Each socket contains two data queues, so_rcv and so_snd, and a pointer to routines which provide supporting services. The type of the socket, so_type is defined at socket creation time and used in selecting those services which are appropriate to support it. The supporting protocol is selected at socket creation time and recorded in the socket data structure for later use. Protocols are defined by a table of procedures, the protosw structure, which will be described in detail later. A pointer to a protocol-specific data structure, the ``protocol control block,'' is also present in the socket structure. Protocols control this data structure, which normally includes a back pointer to the parent socket structure to allow easy lookup when returning information to a user (for example, placing an error number in the so_error field). The other entries in the socket structure are used in queuing connection requests, validating user requests, storing socket characteristics (e.g. options supplied at the time a socket is created), and maintaining a socket's state.

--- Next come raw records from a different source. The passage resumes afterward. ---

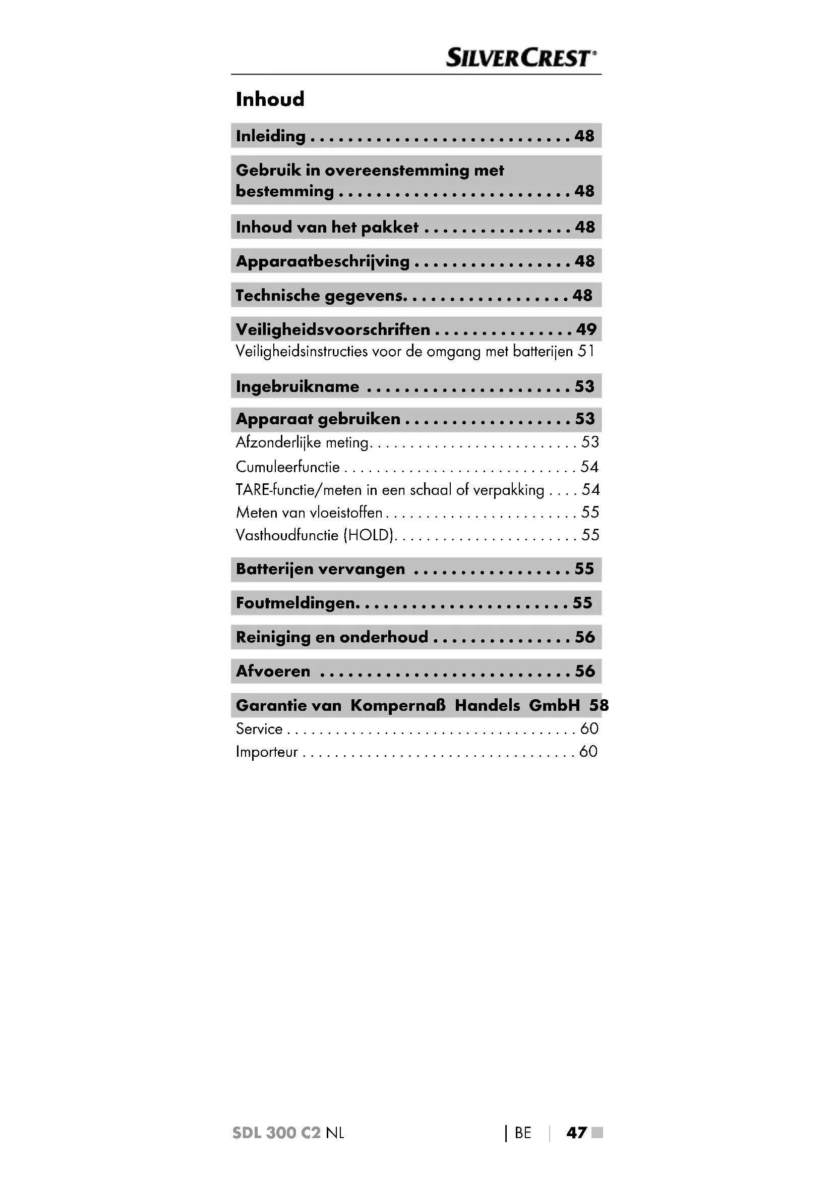 Garantie van Kompernaß Handels GmbH Geachte klant, U hebt op dit apparaat 3 jaar garantie vanaf de aankoopdatum. In geval van ge breken in dit pro- duct hebt u wettelijke rechten tegenover de verkoper van het product. Deze wettelijke rechten worden door onze hierna beschreven garantie niet beperkt. Garantievoorwaarden De garantieperiode geldt vanaf de datum van aankoop. Bewaar de kassabon zorgvuldig. U hebt hem nodig als bewijs van aankoop. Als er binnen drie jaar vanaf de aankoopdatum van dit product een materiaal- of fabricagefout optreedt, wordt - naar onze keuze - het product door ons kos- teloos gerepareerd of vervangen of wordt de koop- prijs terugbetaald. Voorwaarde voor deze garantie is dat het defecte apparaat en het aankoopbewijs (kassabon) binnen de termijn van drie jaar worden overlegd en dat kort wordt omschreven waaruit het gebrek bestaat en wanneer het is opgetreden. Wanneer het defect door onze garantie wordt ge- dekt, krijgt u het gerepareerde product of een nieuw product retour. Met de reparatie of vervanging van het product begint er geen nieuwe garantieperiode. Garantieperiode en wettelijke aanspra- ken bij gebreken De garantieperiode wordt door deze waarborg niet verlengd. Dat geldt ook voor vervangen en gerepareerde onderdelen. Eventueel al bij aankoop aanwezige schade en gebreken moeten meteen na het uitpakken worden gemeld. Voor reparaties na afloop van de garantieperiode worden kosten in rekening gebracht. Garantieomvang Het apparaat is op basis van strenge kwaliteitsnormen met de grootst mogelijke zorg vervaardigd en vooraf- gaand aan de levering nauwkeurig gecontroleerd. De garantie geldt voor materiaal- of fabricagefou- ten. Deze garantie geldt niet voor productonder- delen die onderhevig zijn aan normale slijtage en die daarom als slijtonderdelen worden beschouwd, of voor schade aan breekbare onderdelen zoals schakelaars, accu‘s of onderdelen die van glas zijn gemaakt.SDL 300 C2 NL
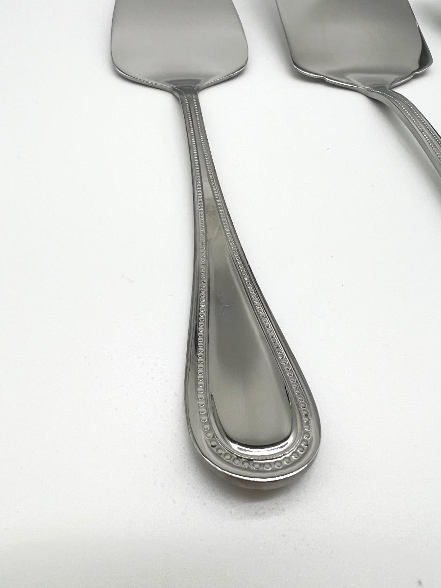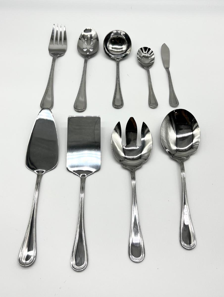 spoons, 24 teaspoons, 12 ice tea mixing spoons. Hostess serving kit includes one sugar spoon, one butter spreader, one pierced tablespoon, 2 tablespoons, one pie server, two pastry forks, one 2 piece salad server, one lasagna server, and one sauce./gravy ladle.
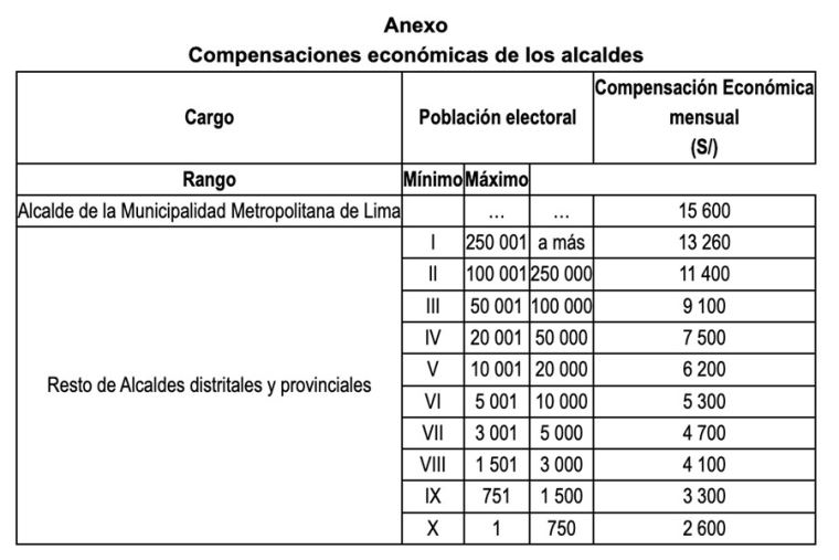 Para los alcaldes provinciales y distritales el resto del país, las compensaciones económicas van desde los S/ 2,600 mensuales a los S/ 13,260 mensuales, de acuerdo al tamaño de su población electoral.
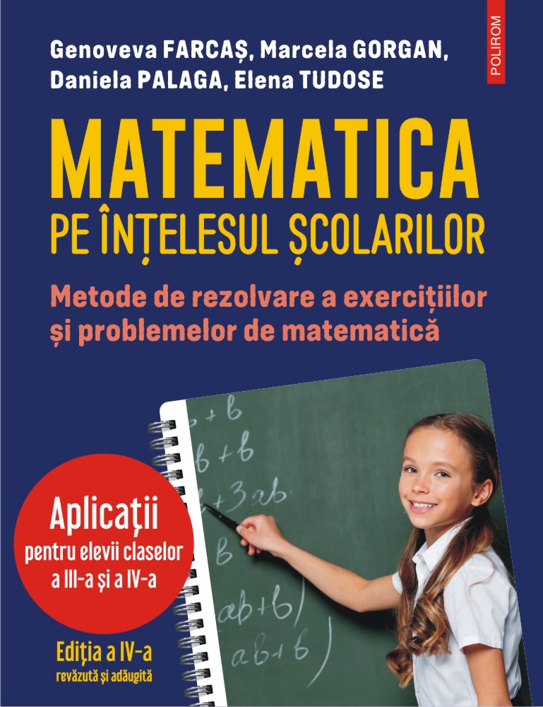 Aplicatii pentru elevii claselor a III-a si a IV-a Editia a IV-a revazuta si adaugita Matematica pe intelesul scolarilor este un auxiliar curricular conceput pentru a-i sprijini pe elevi, cuprinzand teme semnificative conform programelor scolare actuale. Structura si continuturile matematice din acest volum le ofera elevilor posibilitatea sa abordeze exercitii si probleme cu grad mare de dificultate, care nu sunt cuprinse in manualele scolare. Determinarea unui termen/factor necunoscut folosind ordinea operatiilor Determinarea cifrelor unui numar folosind descompunerea numerelor Aplicarea proprietatilor operatiilor aritmetice Probleme de suma si raport Probleme de diferenta si raport Probleme combinate Metoda mersului invers Metoda falsei ipoteze si metoda ipotezelor Probleme de transfer Probleme cu continut geometricSpecificatii
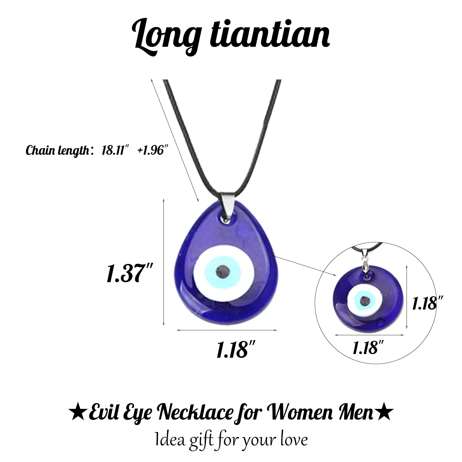 BLUE YE NECKLACE FOR WOMEN MEN:Our Evil eye necklace is suit for male and female. Chain Length is 17.8in + 2in,Pendent Size is 1.20in ,This evil eye pendent necklace will make you stay away from bad things,it it a luck and protect feather necklace for you!
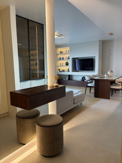 Luksuzni stan u novogradnji A+ kvaliteta, u zgradi samo tri stana, sa ukupno 125m2 površine na jednoj od najmirnijih i najtraženijih lakacije u Rijeci. Stan je kompletno nov i neuseljivan, s privatnim dvorištem i vrhunskom opremom, idealan za život ili luksuzni najam.
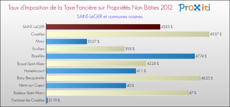 Pendant la même période, les communes françaises similaires à Saint-Léger, ont vu leur taux de taxe foncière sur le non bâti augmenter de 29.51 % en moyenne entre 2000 et 2012.
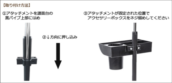 アクセサリーボックスマンハセットの譜面台に取り付けられるアクセサリーボックスです。細々した演奏必需品がすぐ手の届くところに欲しい時に大変便利です。※M2400 シャフトロックとの同時使用はできません。
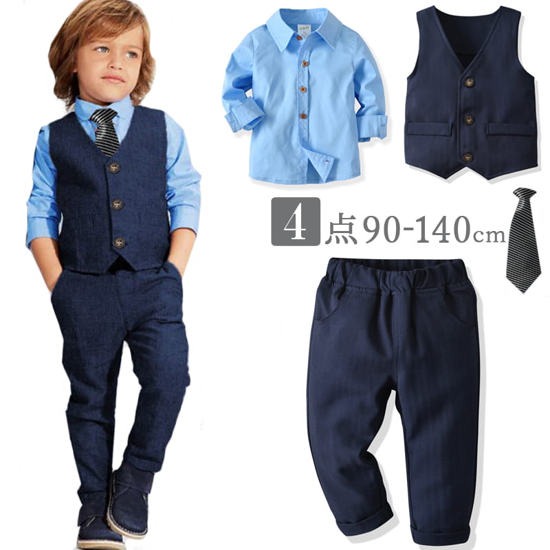 子供服 フォーマル 男の子 スーツ ズボン ベスト セット シャツ ネクタイ キッズスーツ フォーマルスーツ セットアップ 秋服 入園 卒園 ピアノ発表会 結婚式 お祝い お宮参り セレモニー 七五三
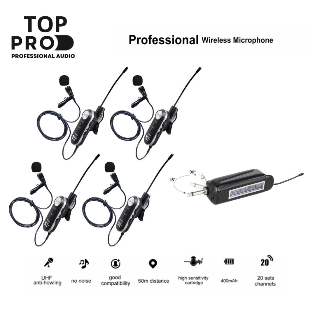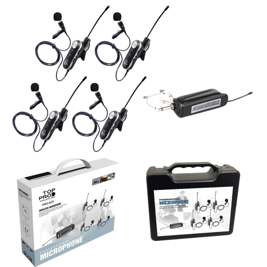 The TOP PRO PRO-4CII Wireless 4 Lapel Microphone is a professional-grade system that delivers crystal-clear, hands-free audio for conferences, panel discussions, church services, theater performances, and live events. This system includes four wireless lapel (clip-on) microphones paired with a reliable multi-channel receiver, allowing multiple speakers or performers to move freely on stage or around the room without tangled cables or dropouts.

Processes ``rendezvous at a socket'' in many instances. For instance, when a process wishes to extract data from a socket's receive queue and it is empty, or lacks sufficient data to satisfy the request, the process blocks, supplying the address of the receive queue as a ``wait channel' to be used in notification. When data arrives for the process and is placed in the socket's queue, the blocked process is identified by the fact it is waiting ``on the queue.''

6.1.1. Socket state

A socket's state is defined from the following:

#define	SS_NOFDREF	0x001	/* no file table ref any more */
#define	SS_ISCONNECTED	0x002	/* socket connected to a peer */
#define	SS_ISCONNECTING	0x004	/* in process of connecting to peer */
#define	SS_ISDISCONNECTING	0x008	/* in process of disconnecting */
#define	SS_CANTSENDMORE	0x010	/* can't send more data to peer */
#define	SS_CANTRCVMORE	0x020	/* can't receive more data from peer */
#define	SS_RCVATMARK	0x040	/* at mark on input */

#define	SS_PRIV	0x080	/* privileged */
#define	SS_NBIO	0x100	/* non-blocking ops */
#define	SS_ASYNC	0x200	/* async i/o notify */

The state of a socket is manipulated both by the protocols and the user (through system calls). When a socket is created, the state is defined based on the type of socket. It may change as control actions are performed, for example connection establishment. It may also change according to the type of input/output the user wishes to perform, as indicated by options set with fcntl. ``Non-blocking'' I/O implies that a process should never be blocked to await resources. Instead, any call which would block returns prematurely with the error EWOULDBLOCK, or the service request may be partially fulfilled, e.g. a request for more data than is present.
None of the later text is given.